Standard supervised fine-tuning (SFT) with cross-entropy loss. Evaluation uses binary classification accuracy.

Key Experimental Results

Main Results

Model Citation Award Patent Media Code Dataset Model Avg.
o4-mini Moderate Moderate Moderate Moderate Moderate Moderate Moderate ~65%
Qwen3-4B (base) Low Low Low Low Low Low Low ~55%
SFT-Qwen3-4B High High High High High High High Best

Ablation Study

Analysis Dimension Result
Single-task vs. multi-task Multi-task consistently outperforms single-task
Model scale 4B SFT > 30B zero-shot
Difficulty across dimensions Award and model download prediction are most difficult

Key Findings

  • Off-the-shelf LLMs exhibit high variance and cross-dimensional inconsistency in scientific impact prediction.
  • Multi-task SFT consistently improves performance across all dimensions, enabling a 4B model to surpass o4-mini.
  • Award prediction is the most challenging dimension, as award decisions involve non-content factors such as politics and social connections.

Highlights & Insights

  • Expanding scientific impact from a single citation count to seven dimensions represents a significant conceptual contribution.
  • The effectiveness of multi-task fine-tuning suggests the existence of transferable patterns across different impact dimensions.
  • Coverage across 19 disciplines provides a foundation for cross-disciplinary comparative research.

Limitations & Future Work

  • Contrastive pair construction relies on available metadata, leading to uneven data coverage.
  • Predictions are based solely on textual content, without leveraging graph-structured information such as citation networks.
  • Impact evolves over time; the current benchmark represents a static snapshot.
  • vs.
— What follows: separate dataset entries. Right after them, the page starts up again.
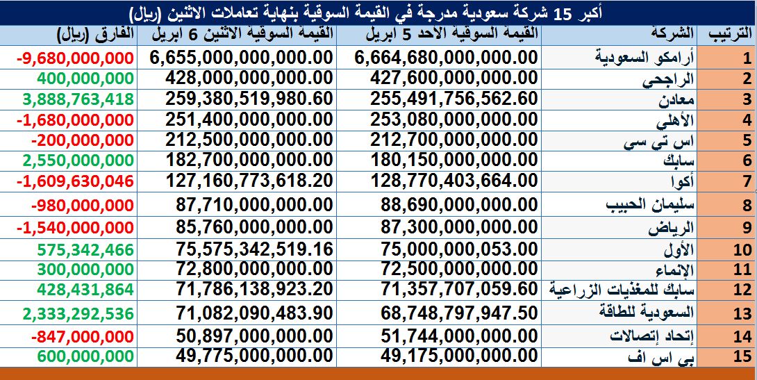 وشهدت قائمة أكبر الشركات السعودية بالقيمة السوقية تباينا بنهاية جلسة الاثنين؛ حيث انخفضت القيمة السوقية لـ"أرامكو" إلى 6.655 تريليون ريال، فيما ارتفعت قيمة "مصرف الراجحي" الذي حل ثانيا بإجمالي 428 مليار ريال، ثم "معادن" بـ 259.38 مليار ريال.
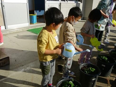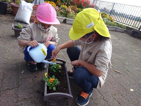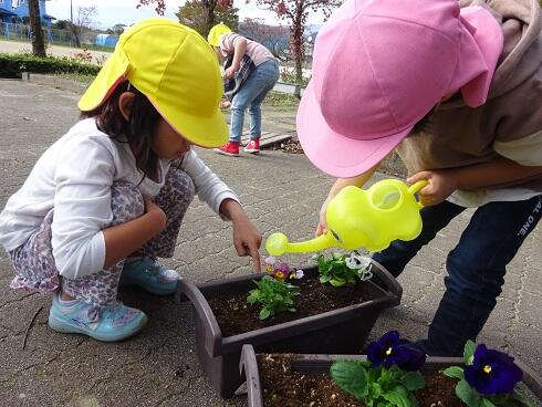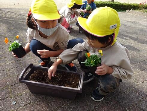11月5日(金)玄関のプランターにパンジーを植えました。仲良しグループごとに一人一つのパンジーを植えました。年長さんは、小さい子たちが上手に植えられるようお世話をしていました。きれいな花たちが玄関を華やかにしました。
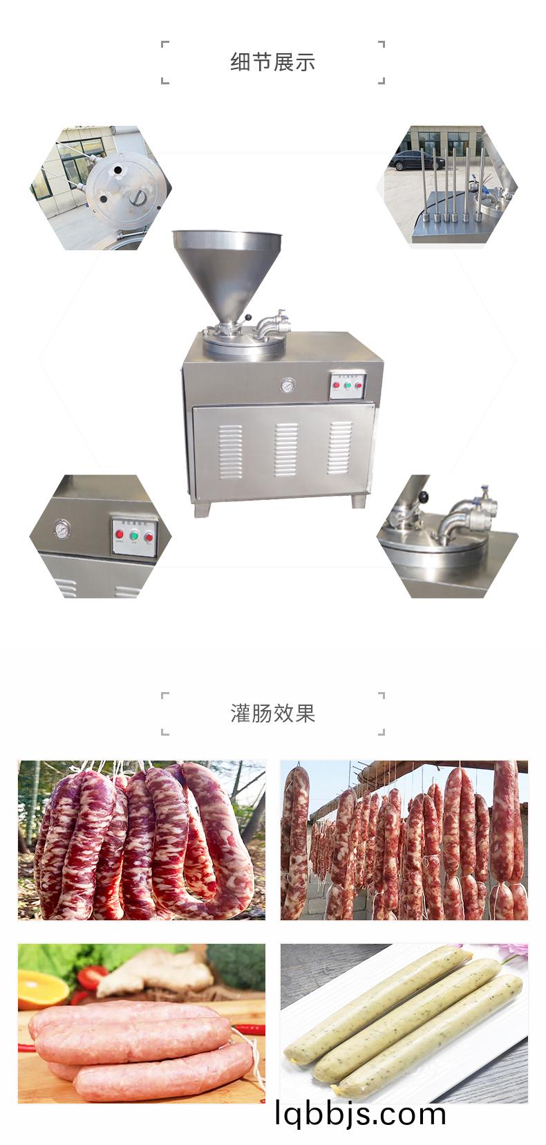 用途:用各种畜禽类肉糜为原料,可以灌制扭结定重量单肠,也可连续灌制长肠,单肠重量在50-1000克之间,有刻度连续可调,定量准确,误差<2%。适用于中小型肉类加工厂。特性:1.采用国内先进技术,设计合理,结构紧凑,使用SuS304不锈钢制造,符合食品卫生级要求。2.操作方便,调整简单,只需1人操作。3.连续作业,加料时不需停机,生产效率高。
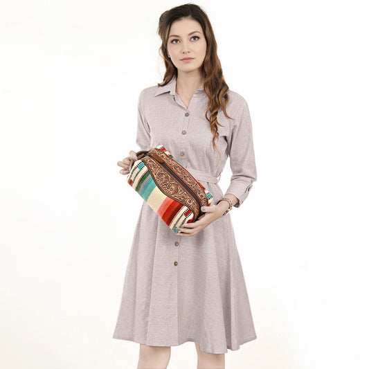 American Darling Toiletry Hand Tooled Saddle Blanket Fabric Genuine Leather Western Women Bag Handbag Purse | for Cute
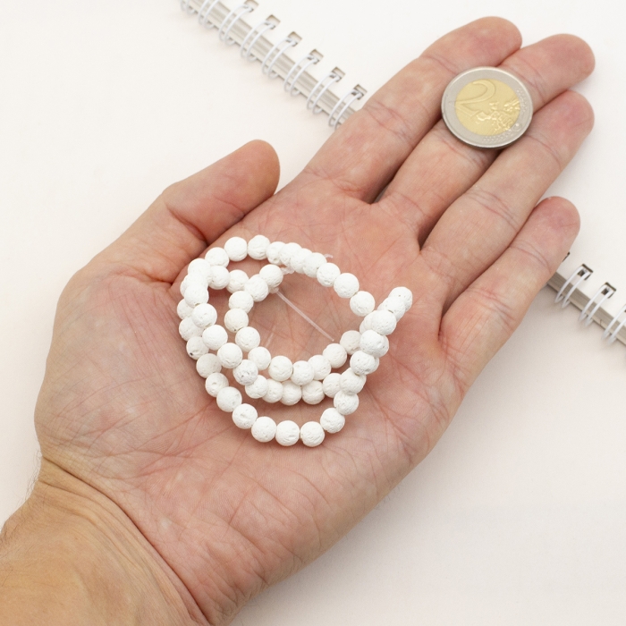 Бусины Натуральная Лава Круглые, Белые, 6мм, Отверстие 1мм, около 60шт/36см/нить, (УТ100026398)

SciSciNet: SciSciNet is a data lake; SciImpact is an evaluation benchmark — the two are complementary.
  • vs. citation prediction work: This paper extends the prediction scope from citation counts to seven dimensions.

Rating

  • Novelty: ⭐⭐⭐⭐ Multi-dimensional impact prediction benchmark with significant conceptual contribution.
  • Experimental Thoroughness: ⭐⭐⭐⭐ Covers 11 models, 7 dimensions, and 19 fields comprehensively.
  • Writing Quality: ⭐⭐⭐⭐ Data construction process is clearly and transparently described.
  • Value: ⭐⭐⭐⭐ Provides a standardized evaluation tool for scientometrics.